SpamAssassin reduces false positives using an "auto-whitelist" (AWL). After computing a score for each message, it adds that score to a running average of that sender's previous scores and divides the result by two. This technique is mathematically elegant, extremely reliable, and conceptually justifiable--your friends don't magically turn into spammers overnight, and the spammers don't know your friends' e-mail addresses. Furthermore, the 'From:' address on a piece of mail is much more important than any particular word in the body of the message, and may therefore be special-cased without accusations of hackery.
(SpamAssassin also provides an explicit whitelist, which allows organizations like the ACLU to e-mail me without getting caught in the filters. An AWL wouldn't work here, because the ACLU almost always sounds like a spammer.)
Open Research Issues
I devoted quite a lot of time to training bogofilter. Most of this time was spent manually sorting mail into spam and non-spam categories. Apple's new mail client provides an elegant training interface which might be sufficient for Bayesian spam filtering. But with the current bogofilter UI, we can't realistically expect end-users to train bogofilter quickly.

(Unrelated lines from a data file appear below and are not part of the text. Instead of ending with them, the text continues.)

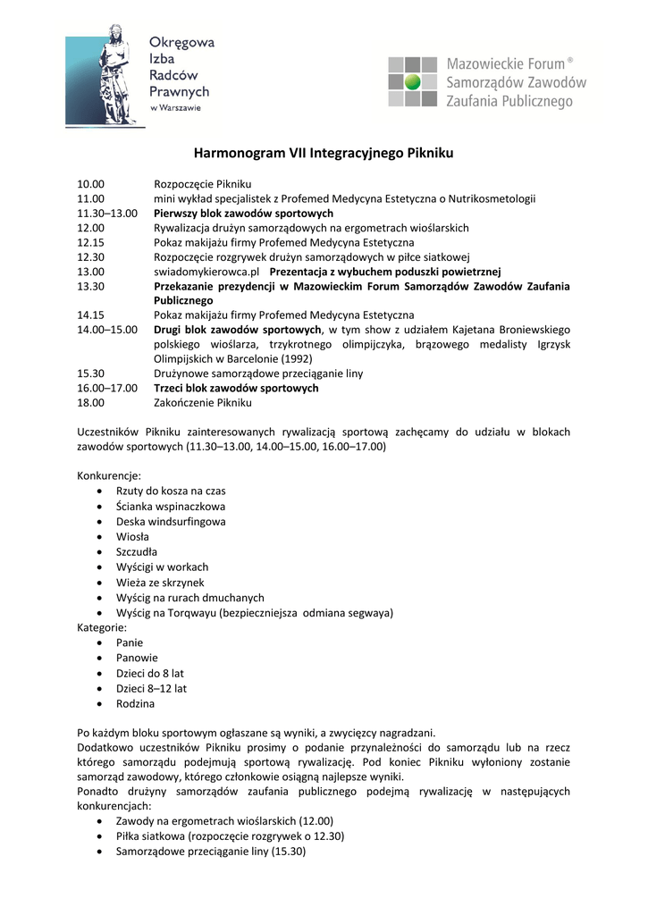 Harmonogram VII Integracyjnego Pikniku 10.00 11.00 11.30–13.00 12.00 12.15 12.30 13.00 13.30 14.15 14.00–15.00 15.30 16.00–17.00 18.00 Rozpoczęcie Pikniku mini wykład specjalistek z Profemed Medycyna Estetyczna o Nutrikosmetologii Pierwszy blok zawodów sportowych Rywalizacja drużyn samorządowych na ergometrach wioślarskich Pokaz makijażu firmy Profemed Medycyna Estetyczna Rozpoczęcie rozgrywek drużyn samorządowych w piłce siatkowej swiadomykierowca.pl Prezentacja z wybuchem poduszki powietrznej Przekazanie prezydencji w Mazowieckim Forum Samorządów Zawodów Zaufania Publicznego Pokaz makijażu firmy Profemed Medycyna Estetyczna Drugi blok zawodów sportowych, w tym show z udziałem Kajetana Broniewskiego polskiego wioślarza, trzykrotnego olimpijczyka, brązowego medalisty Igrzysk Olimpijskich w Barcelonie (1992) Drużynowe samorządowe przeciąganie liny Trzeci blok zawodów sportowych Zakończenie Pikniku Uczestników Pikniku zainteresowanych rywalizacją sportową zachęcamy do udziału w blokach zawodów sportowych (11.30–13.00, 14.00–15.00, 16.00–17.00) Konkurencje: Rzuty do kosza na czas Ścianka wspinaczkowa Deska windsurfingowa Wiosła Szczudła Wyścigi w workach Wieża ze skrzynek Wyścig na rurach dmuchanych Wyścig na Torqwayu (bezpieczniejsza odmiana segwaya) Kategorie: Panie Panowie Dzieci do 8 lat Dzieci 8–12 lat Rodzina Po każdym bloku sportowym ogłaszane są wyniki, a zwycięzcy nagradzani. Dodatkowo uczestników Pikniku prosimy o podanie przynależności do samorządu lub na rzecz którego samorządu podejmują sportową rywalizację. Pod koniec Pikniku wyłoniony zostanie samorząd zawodowy, którego członkowie osiągną najlepsze wyniki. Ponadto drużyny samorządów zaufania publicznego podejmą rywalizację w następujących konkurencjach: Zawody na ergometrach wioślarskich (12.00) Piłka siatkowa (rozpoczęcie rozgrywek o 12.30) Samorządowe przeciąganie liny (15.30)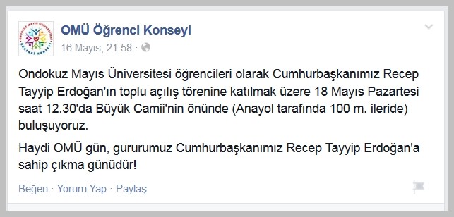 YENİAKİT.COM.TR - Ondokuz Mayıs Üniversitesi'nin çalışmaları ile adından sıkça söz ettiren "Öğrenci Konseyi"nin Resmî Facebook hesabı üzerinden Cumhuriyet tarihinin ilk seçilmiş Cumhurbaşkanı olan Recep Tayyip Erdoğan'ın toplu açılış törenine katılım duyurusu yayınlandı. Devlet reisi Erdoğan'ın Samsun'a geleceğini geçtiğimiz haftadan duyurmaya başlayan sayfanın bu tavrı, terör örgütü DHKP-C'ye yakın Sol ile laik yobazlığın Sözcü'sünü rahatsız etti.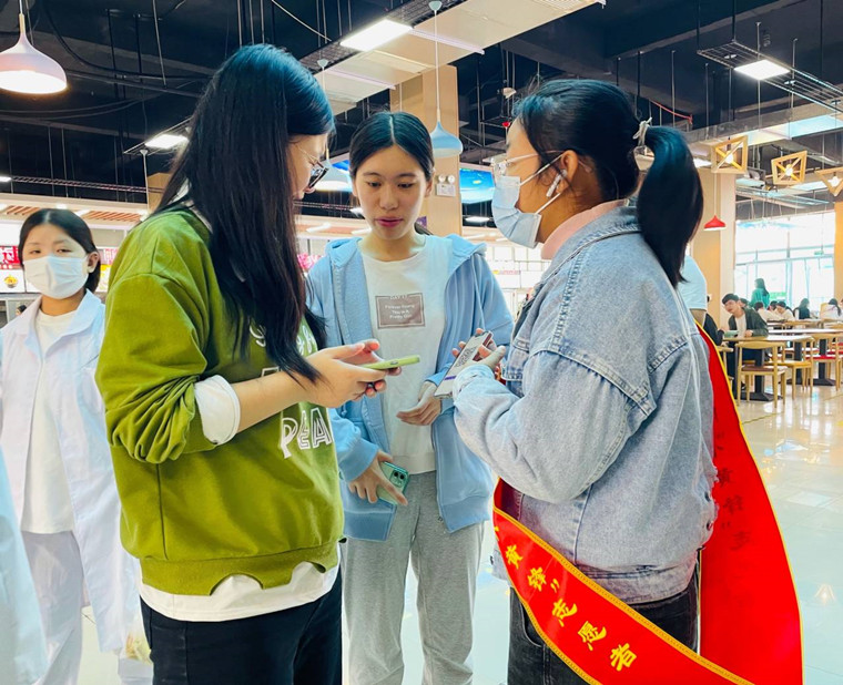就餐師生通過完美校園APP掃描志愿者展示的二維碼獲取積分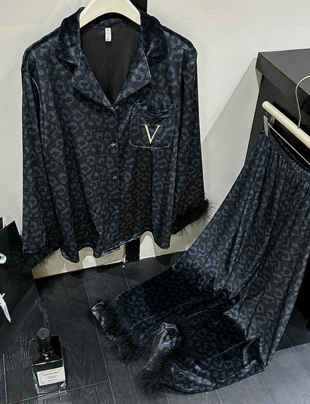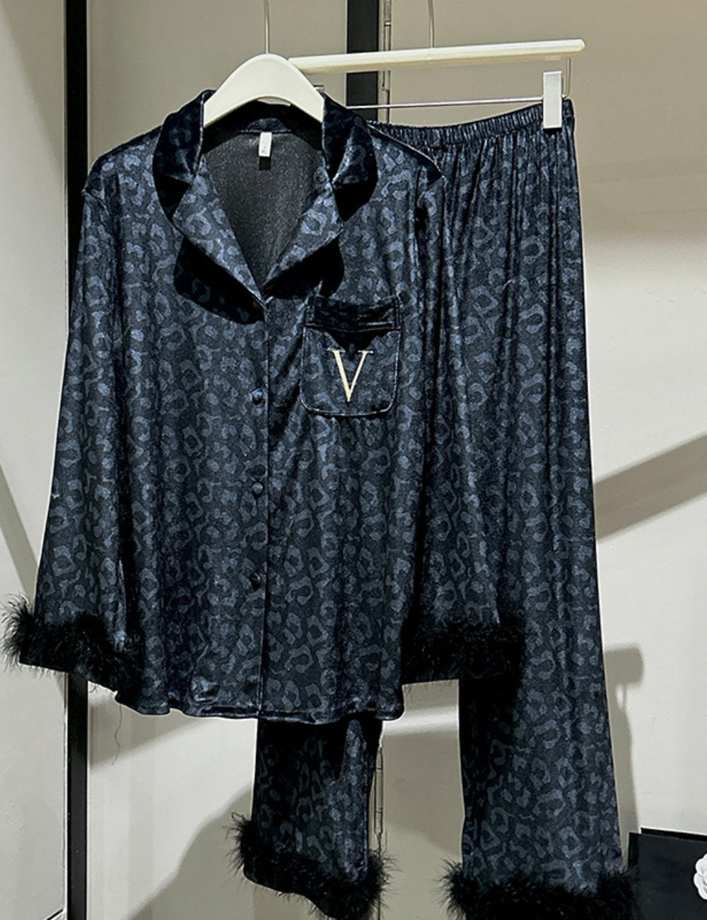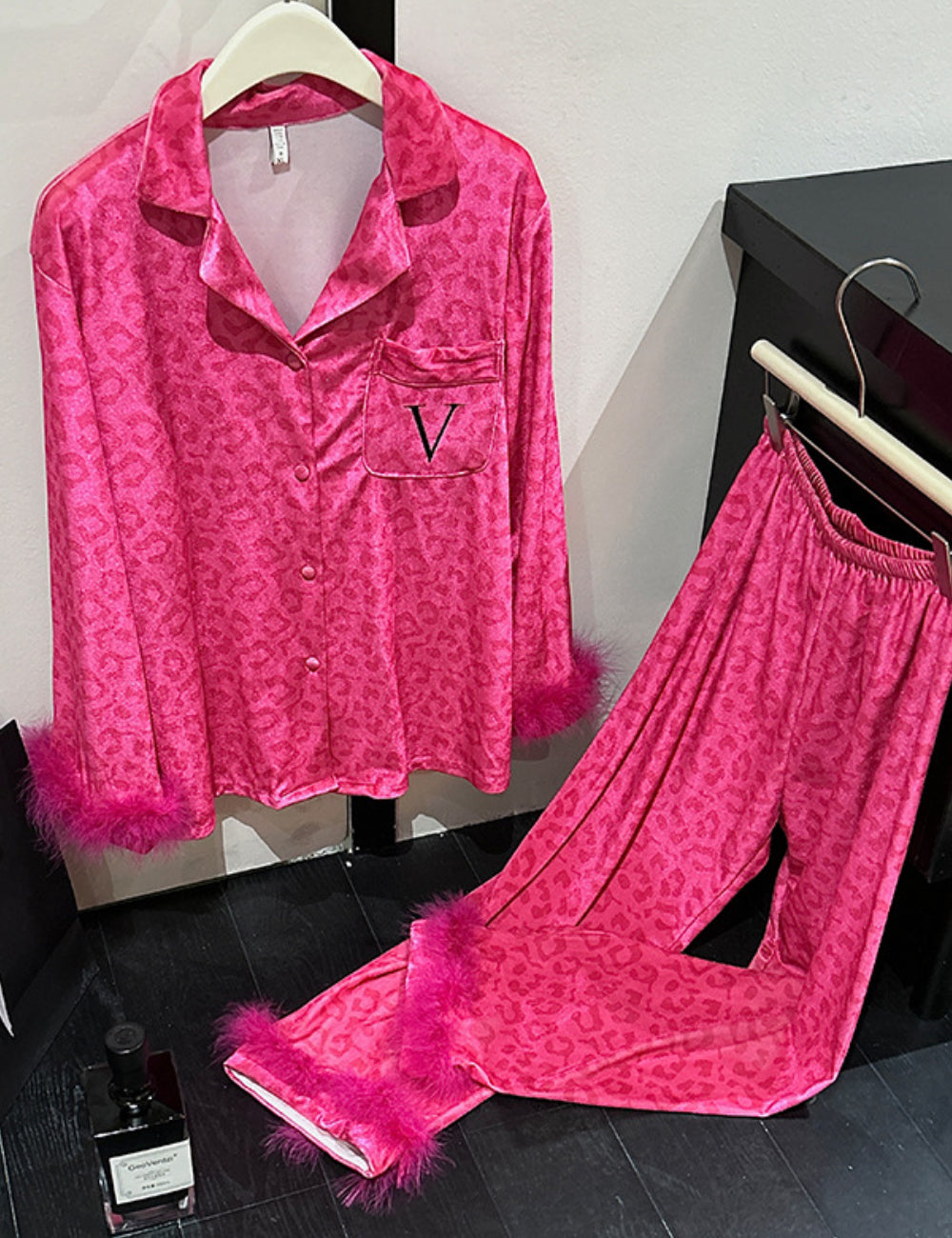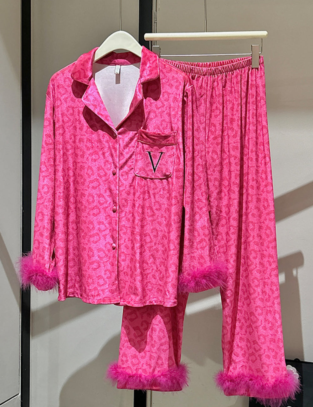 Ladies Valentine Velvet Feather Loungewear Set SKST41180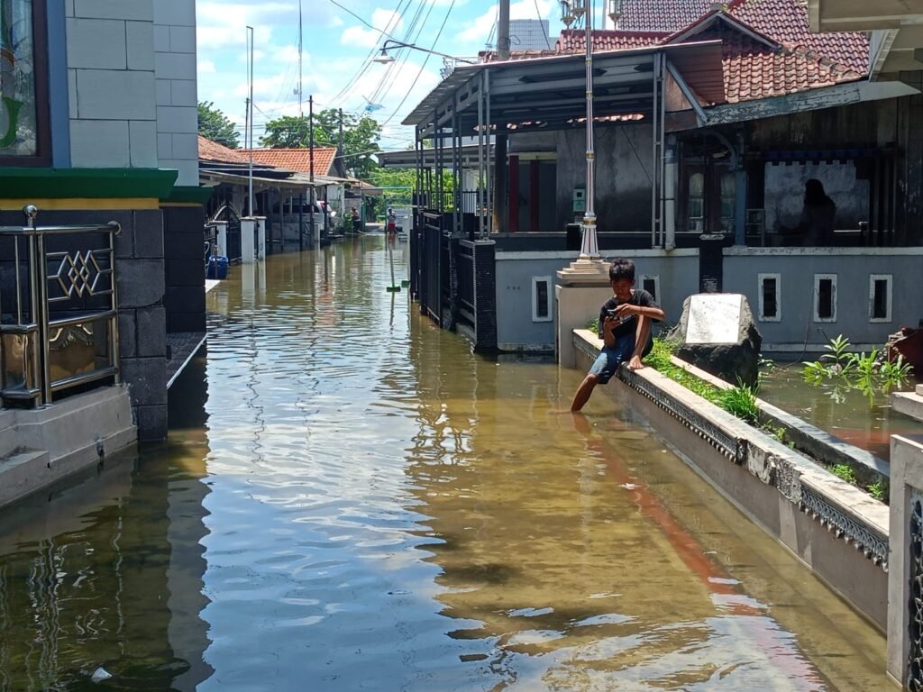 Kondisi Dusun Ngebum, Desa Mororejo, Kecamatan Kaliwungu, mendadak lumpuh setelah banjir rob menerjang permukiman, Minggu (2/11/2025) | Wawasannews
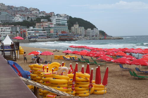 | 海雲台ビーチ。風が強く、波が荒かった | |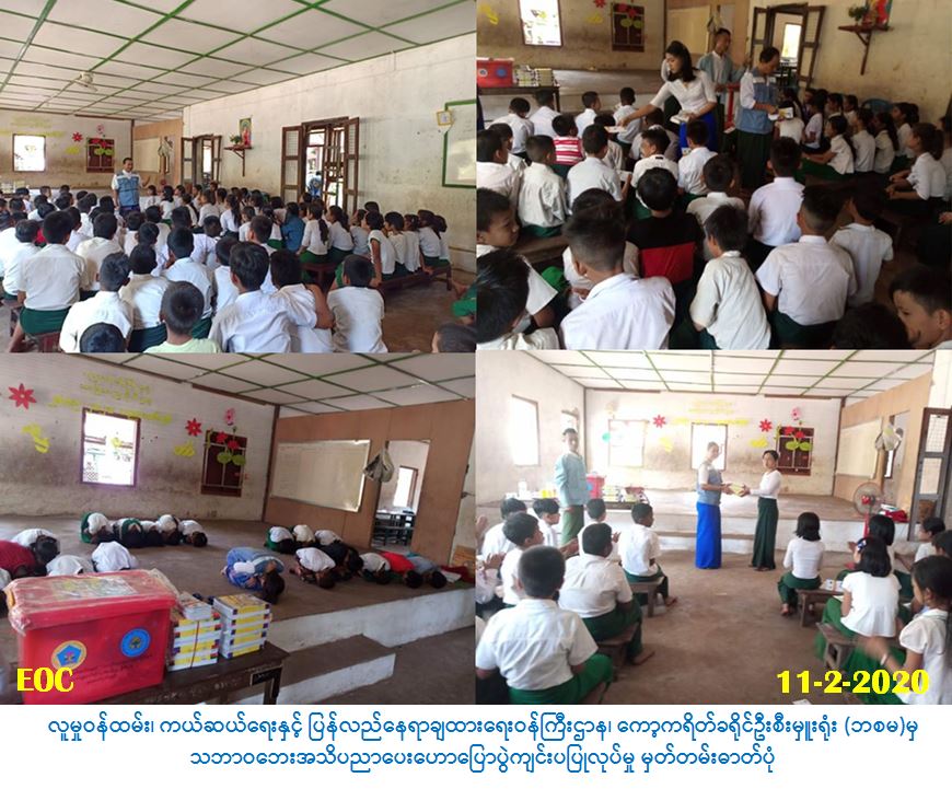 ခန့်ခွဲမှုဦးစီးဌာန၊ ကော့ကရိတ်ခရိုင်ဦးစီးမှူးရုံးမှ တာဝန်ရှိသူများသည် (၁၁-၂-၂၀၂၀)ရက်နေ့၊နေ့ လည်(၁၃:၀၀)နာရီမှ(၁၅:၀၀)နာရီထိ ကော့ကရိတ်မြို့နယ်၊ အမှတ်(၉)အမက(မူလွန်) ကျောင်း၌ ကျောင်းသား/ကျောင်းသူ စုစုပေါင်း(၁၂၀)ဦး တို့အား မီးဘေး၊ ရေဘေး၊ မုန်တိုင်ဘေး၊ မိုးကြိုးဘေး များဖြစ်ပွားလာပါက ကြိုတင်ပြင်ဆင်နိုင်ရန်အတွက် ဆောင်ရန်/ရှောင်ရန်များအား အသိပညာပေး ဟောပြောခဲ့ပြီး သရုပ်ပြသခြင်းများလည်းပြုလုပ်ခဲ့ပါသည်။ အဆိုပါဟောပြောပွဲသို့ ဘေး(၈)မျိုး လက်ကမ်းစာစောင်များ ဖြန့်ဝေခြင်းနှင့် တက်ရောက်လာကြသော ကျောင်းသား/ကျောင်းသူများ အတွက် ဗလာစာအုပ်များကိုလည်း ကျောင်းအုပ်ဆရာမကြီးထံသို့ လွှဲပြောင်းပေးအပ်ခဲ့ပါကြောင်း သတင်းရရှိပါသည်။
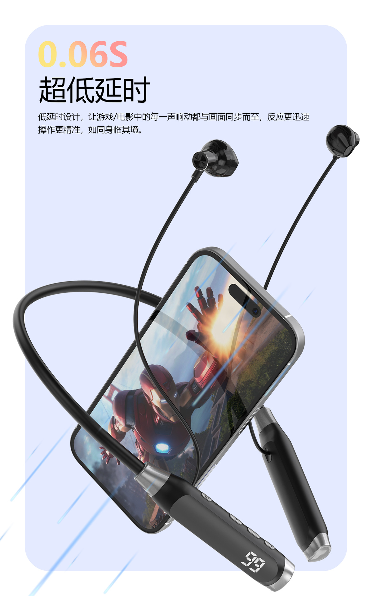 ·精准电量数显,采用最新蓝牙5.3方案,带来更低功耗与更高稳定性,强抗干扰。低延迟,音画同步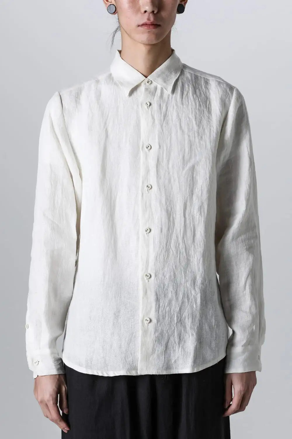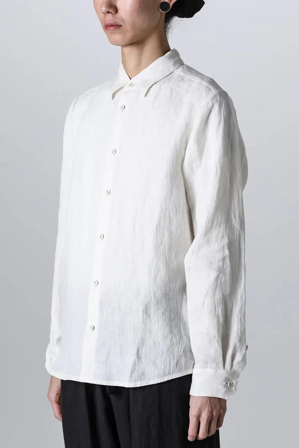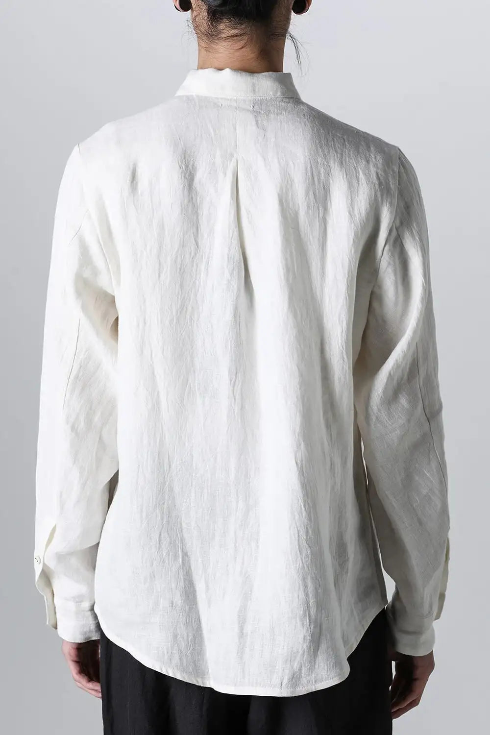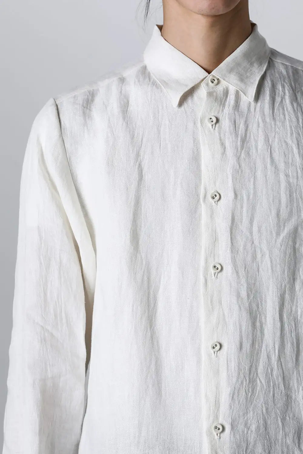 シンプルなデザインのヨークレス リネン シャツ。 な生地に洗いをかけ、こなれた雰囲気を作っているので、普段使いにも最適です。 生地は味のある手織りリネン。

A related problem is the increase in false positives caused by training bogofilter with "spammy sounding" e-mail. The CNBC.TRAIN data increased false negatives on SPAM.CONTROL from 10% to 12%, and and on ALL-SPAM from 14% to 18%. It might be possible to improve filter performance by manually whitelisting these "spammy sounding" senders and not retraining the filter to accept them.
Bogofilter catches between 82% and 90% of spam in my collection, with an extremely low false positive rate. There are some readily-identifiable trends among the false positives and false negatives, which could be addressed by adding two features:
- Base64 and quoted-printable decoding. This would cure the single most common type of false negative: A carefully-encoded spam from a previously unknown spammer.
- An auto-whitelist (AWL). This would permit messages from frequent correspondents to pass through the spam filter, and would eliminate nearly all of the serious false positives.
Some open research issues exist. It's not clear how well an ordinary user would be able to train bogofilter, and bogofilter's accuracy is noticeably impaired by training it with "spammy sounding" (but legitimate) e-mails. I encourage further experimentation in these areas.
Update: There appears to be a bug in bogofilter 0.7 which causes it to incorrectly calculate which 15 words are the most significant. Fixing this bug does not appear to change the results of filtering SPAM.CONTROL and ALL-SPAM by more than a few percentage points.